The long-term threat of Iranian control over the Strait of Hormuz, one of the world's most important trade routes, is forcing Gulf states to rethink their strategy. Senior energy industry officials told the Financial Times that countries in the region are now examining costly and complex plans to build new oil and gas pipelines that would bypass the strait, out of an understanding that this may be the only way to ensure continued exports.
The current conflict has underscored the strategic importance of Saudi Arabia's 1,200-kilometer east-west oil pipeline. Built in the 1980s out of concern that the strait could be blocked during the Iran-Iraq War, the pipeline is now emerging as a critical lifeline. It carries about 7 million barrels of oil a day to the Red Sea port of Yanbu, completely bypassing Hormuz. "In hindsight, that pipeline looks like a stroke of genius," a Gulf energy industry executive said.

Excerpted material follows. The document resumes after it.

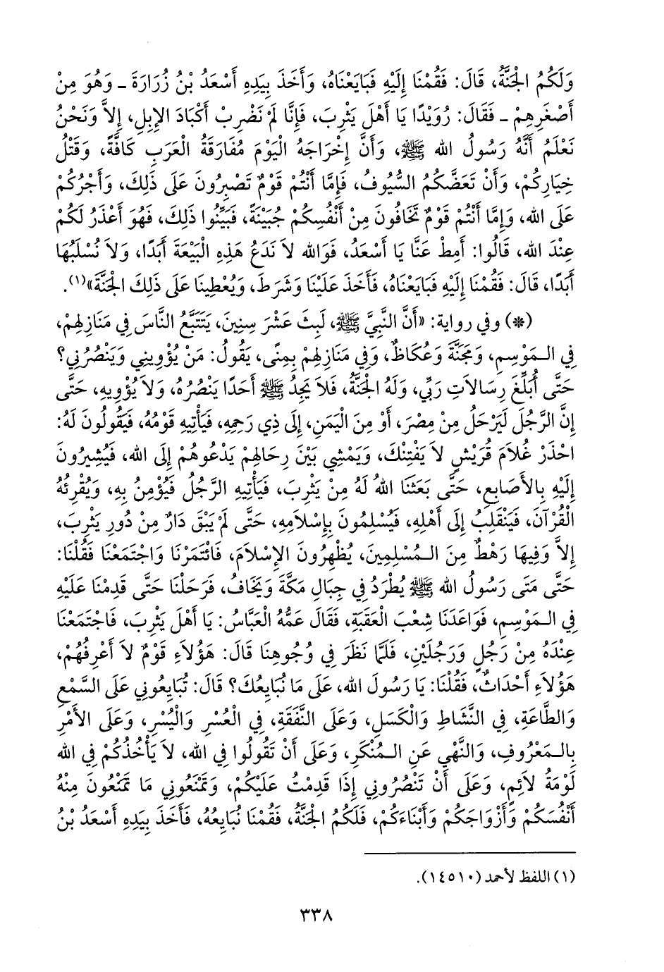 - وفي رواية: «أن النبي صَلى الله عَليه وسَلم لبث عشر سنين، يتتبع الناس في منازلهم، في الموسم، ومَجنَّة وعكاظ، وفي منازلهم، يقول: من يؤويني وينصرني؟ حتى أبلغ رسالات ربي، وله الجنة، فلا يجد صَلى الله عَليه وسَلم أحدا ينصره، ولا يؤويه، حتى إن الرجل ليرحل من مصر، أو من اليمن، إلى ذي رحمه، فيأتيه قومه، فيقولون له: احذر غلام قريش لا يفتنك، ويمشي بين رحالهم يدعوهم إلى الله، فيشيرون إليه بالأصابع، حتى بعثنا الله له من يثرب، فيأتيه الرجل فيؤمن به، ويقرئه القرآن، فينقلب إلى أهله، فيسلمون بإسلامه، حتى لم يبق دار من دور يثرب، إلا وفيها رهط من المسلمين، يظهرون الإسلام، فائتمرنا واجتمعنا فقلنا: حتى متى رسول الله صَلى الله عَليه وسَلم يطرد في جبال مكة ويخاف، فرحلنا حتى قدمنا عليه في الموسم، فواعدنا شعب العقبة، فقال عمه العباس: يا أهل يثرب، فاجتمعنا عنده من رجل ورجلين، فلما نظر في وجوهنا قال: هؤلاء قوم لا أعرفهم، هؤلاء أحداث، فقلنا: يا رسول الله، على ما نبايعك؟ قال: تبايعوني على السمع والطاعة، في النشاط والكسل، وعلى النفقة، في العسر واليسر، وعلى الأمر بالمعروف، والنهي عن المنكر، وعلى أن تقولوا في الله، لا يأخذكم في الله لومة لائم، وعلى أن تنصروني إذا قدمت عليكم، وتمنعوني ما تمنعون منه أنفسكم وأزواجكم وأبناءكم، فلكم الجنة، فقمنا نبايعه، فأخذ بيده أسعد بن

Amin Nasser, chief executive of Saudi oil giant Aramco, recently confirmed that the pipeline is "the main route we are relying on right now." Riyadh is now examining how to increase the volume of its exports, currently standing at 10.2 million barrels a day, through pipelines, whether by expanding the existing line or laying new routes. The kingdom is also considering building additional export terminals on the Red Sea, including at the deepwater port under construction as part of the Neom project.

'Taking fate into our own hands'
In the long term, the new pipelines are expected to be integrated into broader trade routes. A Gulf official told the Financial Times that one option now being considered is reviving the ambitious US-backed IMEC plan for a corridor stretching from India through the Gulf to Europe. The original plan, as previously outlined, included a complex pipeline that was supposed to reach the port of Haifa.
Yossi Abu, chief executive of NewMed Energy, said he was confident pipelines to the Mediterranean would indeed be built, whether ending at ports in Israel or Egypt. "People need to control their own destiny, together with their friends," Abu told the Financial Times. "We need oil pipelines and rail connections across the region, over land, without giving others choke points to strangle us."

Minefields and political obstacles
Despite broad agreement on the need for such a move, the obstacles are enormous. Christopher Bush, chief executive of Lebanon's CAT Group, which helped build the existing Saudi pipeline, estimated that replicating the pipeline today would cost at least $5 billion because of the need to carve through basalt mountains. More ambitious plans crossing several countries, for example from Iraq through Jordan, Syria or Turkey, would cost between $15 billion and $20 billion.
Beyond the cost, there are serious security risks, including unexploded ordnance in Iraq and the continued presence of Islamic State and other terrorist organizations. The southern option of pumping oil to ports in Oman also faces difficulties because of mountainous and desert terrain.
Moreover, Oman's ports are not immune. Drone attacks in recent days even forced the key port of Salalah to shut down temporarily.
Added to that is the political challenge of managing shared pipelines. "A pipeline system would require Gulf states to abandon their isolationist policies and unite," Bush said.
While the UK is leading talks among 35 countries in an attempt to form a coalition to reopen the Strait of Hormuz, Mason Kafafy, a senior adviser at the Atlantic Council, said Gulf states understand that reality has changed.
"I sense a shift from hypotheses to operational reality. Everyone is loo king at the same map and reaching the same conclusions," she said. "I do not expect things to return to what they were before the confrontation."